Restoring Pell Eligibility
Thousands of young people and adults who can’t afford college would benefit tremendously from expanded access to Pell grants under a small but critical provision included in the comprehensive 2015 spending bill that House and Senate negotiators approved yesterday.
The partial restoration of the Ability to Benefit provision of the Higher Education Act extends Pell grant access to low-income students without a high school diploma or its equivalent if they are co-enrolled in an approved career pathways program. Jobs for the Future has been a leader in working toward restoring this provision.

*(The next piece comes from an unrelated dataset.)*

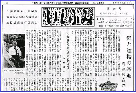 목련꽃 나무 밑에서 학살 증언을 듣고 나서 우리는 관음사에 세워진 조선인희생자 위령비에 분향·헌화했다. 위령비 옆에는 단청이 선명한 종루와 그 안에 커다란 평화의 종이 걸려있었는데 이는 한국국제아동청소년연극협회이사장 김의경 씨와 민속극연구소 심우성 씨 등이 기증한 것으로 1985년 9월1일 관동대지진 추모 62주년을 맞이하는 날에 맞춰 타종식을 했다. | |||

Through initiatives such as Accelerating Opportunity, JFF is helping adult learners without a high school credential earn postsecondary credentials that lead to well-paying jobs and rewarding careers. Results from this initiative show dramatic increases in the completion rates of students in these structured career pathways programs. For example, in Kentucky 68% of Accelerating Opportunity students are earning a credential as compared to 9% from the comparison group.
Accelerating Opportunity and related initiatives are addressing growing national need. According to data from the U.S. Department of Education, only 2.4 percent of more than 2 million adult education students annually enroll in, much less complete, any postsecondary education. Restoring access to Pell grants for these students is a critical step in ensuring access to programs like Accelerating Opportunity.
Congress is expected to vote as early as today on the 2015 Omnibus Appropriations Bill, the legislation that will provide discretionary funding for the vast majority of the federal government for the current fiscal year. If enacted, this provision will allow thousands of deserving, low-income students to earn the education, skills, and credentials required for today’s high-demand jobs.
JFF applauds appropriators for including this important provision—and we look forward to the bill’s passage and enactment—hopefully later this week.